Re: Delay locking partitions during query execution

From: David Rowley <david(dot)rowley(at)2ndquadrant(dot)com>
To: Tomas Vondra <tomas(dot)vondra(at)2ndquadrant(dot)com>
Cc: Robert Haas <robertmhaas(at)gmail(dot)com>, PostgreSQL Hackers <pgsql-hackers(at)lists(dot)postgresql(dot)org>
Subject: Re: Delay locking partitions during query execution
Date: 2019-03-06 01:03:54
Message-ID: CAKJS1f_Zo7KGyAX33q9V+jMGFP5RNr3m22tD2avrY0uTVFaXRw@mail.gmail.com
Views: Raw Message | Whole Thread | Download mbox | Resend email
Thread:
Lists: pgsql-hackers

On Wed, 6 Mar 2019 at 04:46, Tomas Vondra <tomas(dot)vondra(at)2ndquadrant(dot)com> wrote:
>
> On 3/5/19 6:55 AM, David Rowley wrote:
> > The only way I can think to fix this is to just never lock partitions
> > at all, and if a lock is to be obtained on a partition, it must be
> > instead obtained on the top-level partitioned table.
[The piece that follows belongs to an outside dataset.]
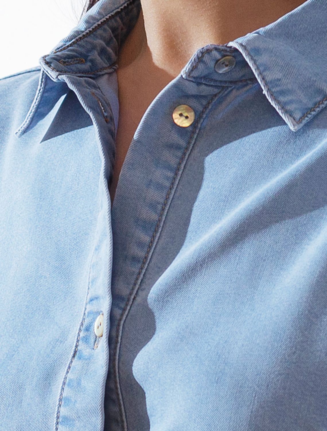 Длинное платье-рубашка с поясом и разрезами из джинсового лиоцелла D52.014 светло-голубой
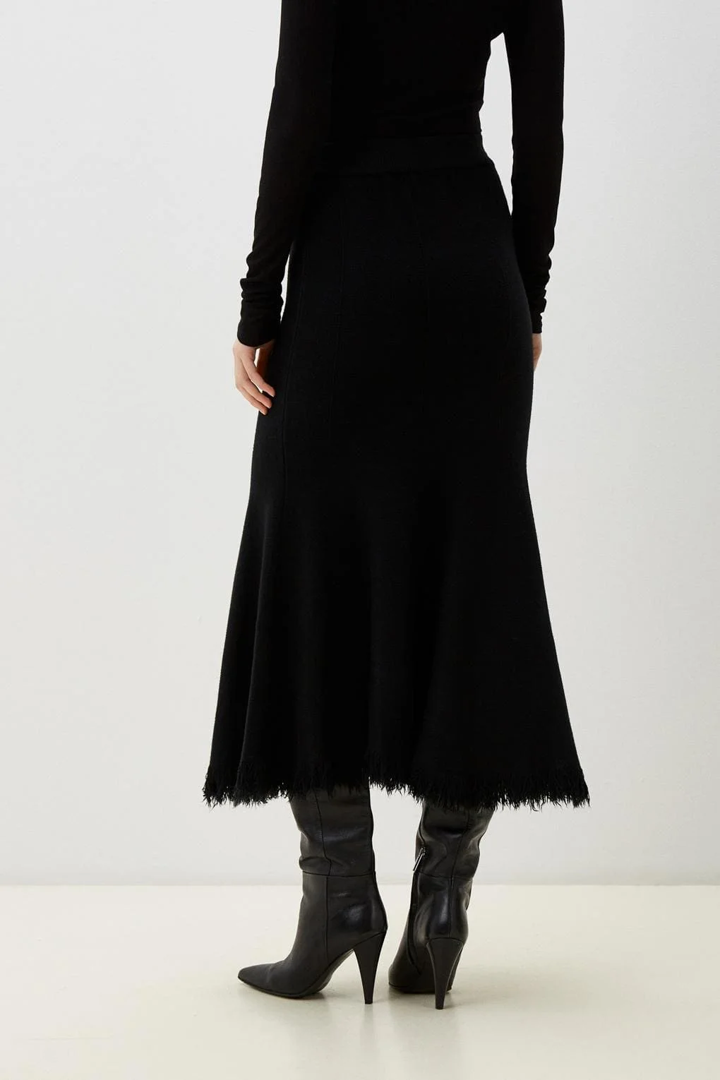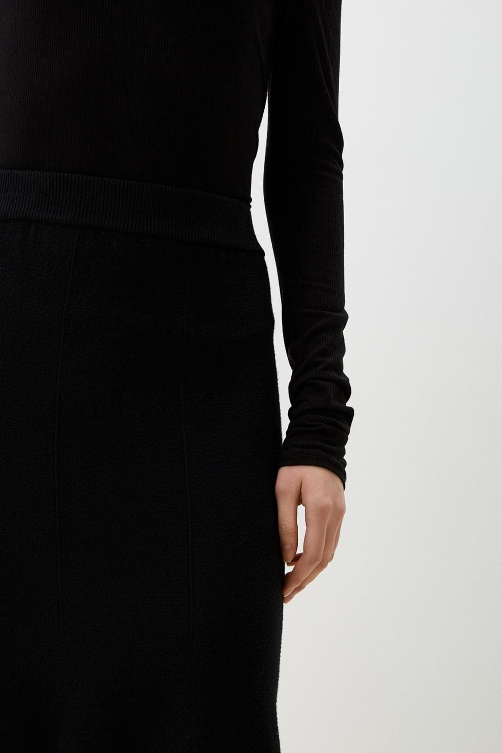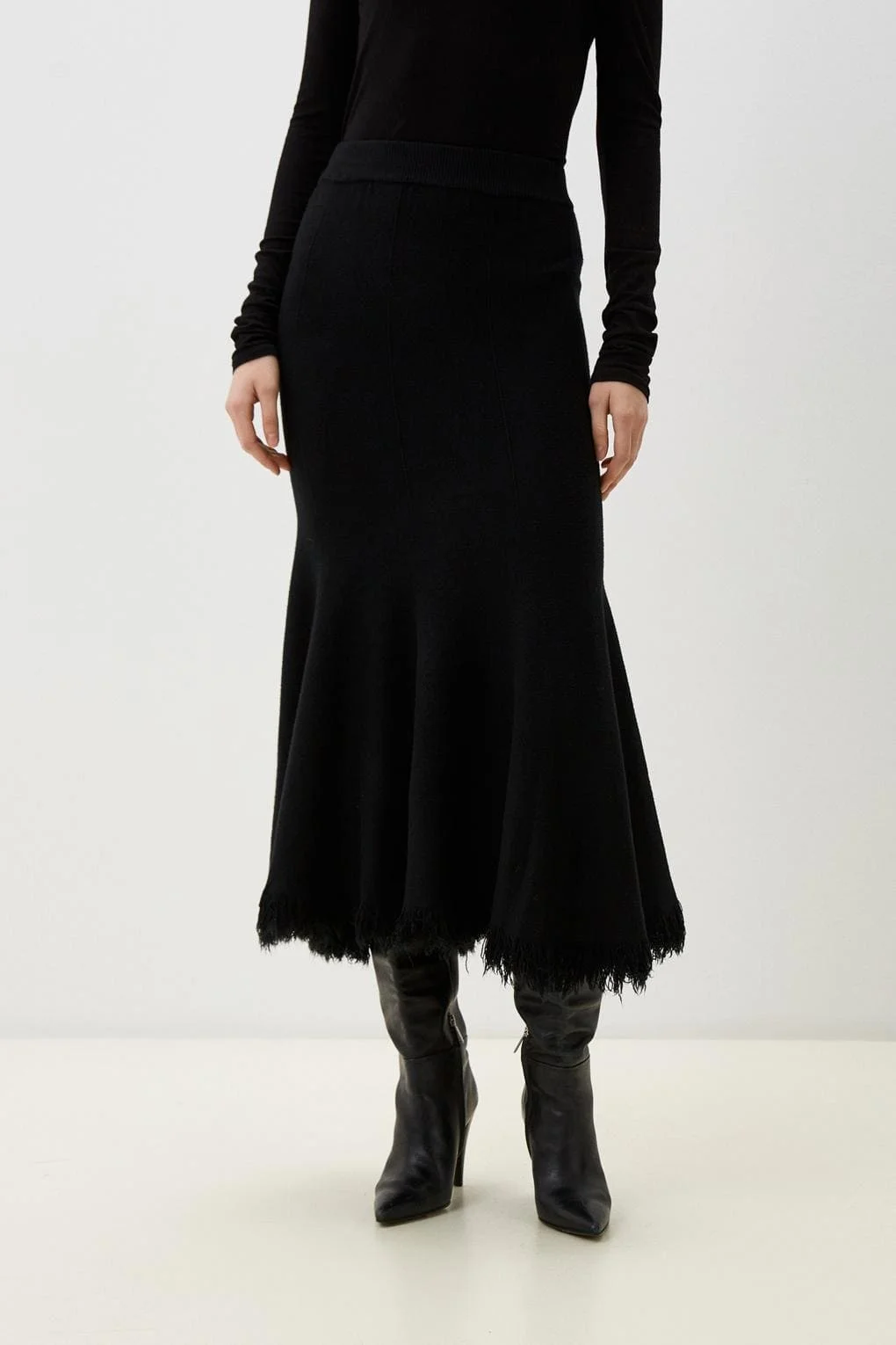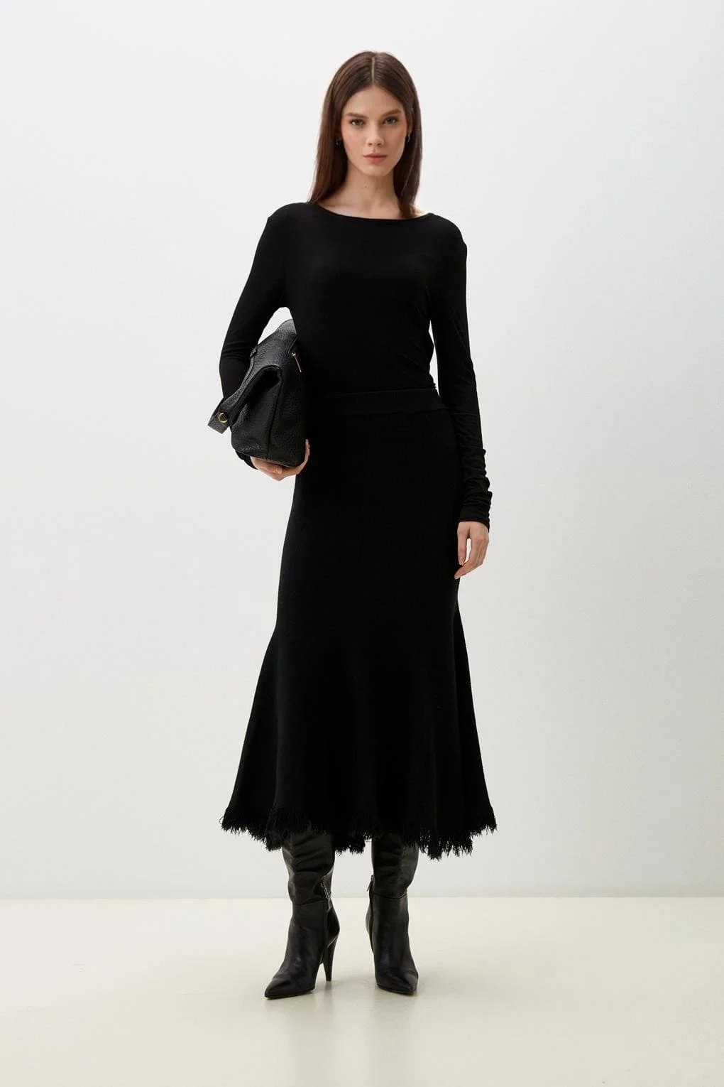 Мягкий трикотаж, высокая посадка и динамичный край. Универсальная модель для выразительных осенне-зимних образов.

That's a rather
> > large change that could have large consequences, and I'm not even sure
> > it's possible since we'd need to find the top-level parent before
> > obtaining the lock, by then the hierarchy might have changed and we'd
> > need to recheck, which seems like quite a lot of effort just to obtain
> > a lock... Apart from that, it's not this patch, so looks like I'll
> > need to withdraw this one :-(
> >
>
> So you're saying we could
>
> 1) lookup the parent and lock it
> 2) repeat the lookup to verify it did not change
>
> I think that could still be a win, assuming that most hierarchies will
> be rather shallow (I'd say 2-3 levels will cover like 95% of cases, and
> 4 levels would be 100% in practice). And the second lookup should be
> fairly cheap thanks to syscache and the fact that the hierarchies do not
> change very often.

Actually, I'm not sure it could work at all. It does not seem very
safe to lookup a partition's parent without actually holding a lock on
the partition and we can't lock the partition and then lock each
parent in turn as that's the exact opposite locking order that we do
when querying a partitioned table, so could result in deadlocking.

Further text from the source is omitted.